A former ‘Big Four’ partner lifts the lid on global accounting firms

The Big Four are ‘partnerships’, meaning that they are owned by the senior managers (the partners). The remuneration received by the partners is eye-wateringly high, often millions of pounds, with early retirement and huge pensions the norm. While fabulous rewards are available to the partners, the way the firms function is to ruthlessly drive junior staff to make huge personal sacrifices, working extremely long hours making personal life almost non-existent.

This ‘business model’ is sustained because of the glittering prize (partnership) for those juniors who do not fall by the way-side (and there are many casualties).

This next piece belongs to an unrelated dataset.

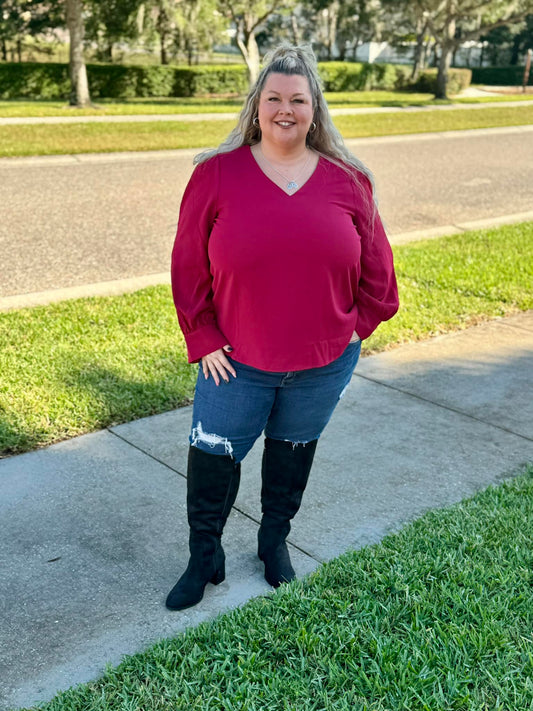 Michelle Mae Leah Long Sleeve Top - Red
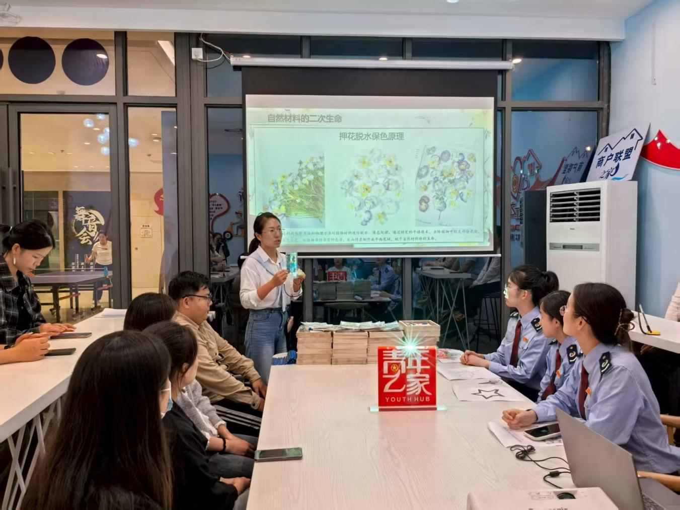 活动伊始,淮北理工学院张晓婷老师以生动有趣的讲解,带领青年朋友们走进岭南押花的世界。她从岭南押花的历史起源讲起,细数这门非遗技艺从古代民间装饰手法,到如今成为文化传承载体的发展历程,让在场青年对这项技艺的文化底蕴有了初步认知。随后,张老师聚焦制作技巧,通过实物演示与分步讲解,细致拆解干花挑选、色彩搭配、构图设计、胶水粘贴等关键步骤,确保每位参与者都能精准掌握操作要点。

It creates a cut-throat competitiveness among staff.

These firms have regularly been exposed in scandals. Most recently, KPMG has been disgraced in South Africa through its ties with the Gupta family business and, in the US, three partners have been charged with fraud relating to audits. KPMG are not alone and the list of scandals is long and shocking.

The vast majority of major corporations globally employ one of the Big Four as auditors and another as tax or business advisers. These roles rotate over time but the near monopoly and the scandals have been a constant. Worse, city-led ‘corporate governance reviews’ (usually advised by the Big Four) reinforce the city’s rules requiring businesses to employ these auditors and advisors.

It is a well-oiled machine for extracting money that should be used to provide services and investment in the real economy. The parasitic self-serving ‘business and financial services’ sector provides an example of the waste of resources under capitalism. Some of the best technical brains are hired by these firms, for example at graduate recruitment fairs. However their talents are often wasted as they are directed towards projects and activities that maximise profits rather than serve the needs of society.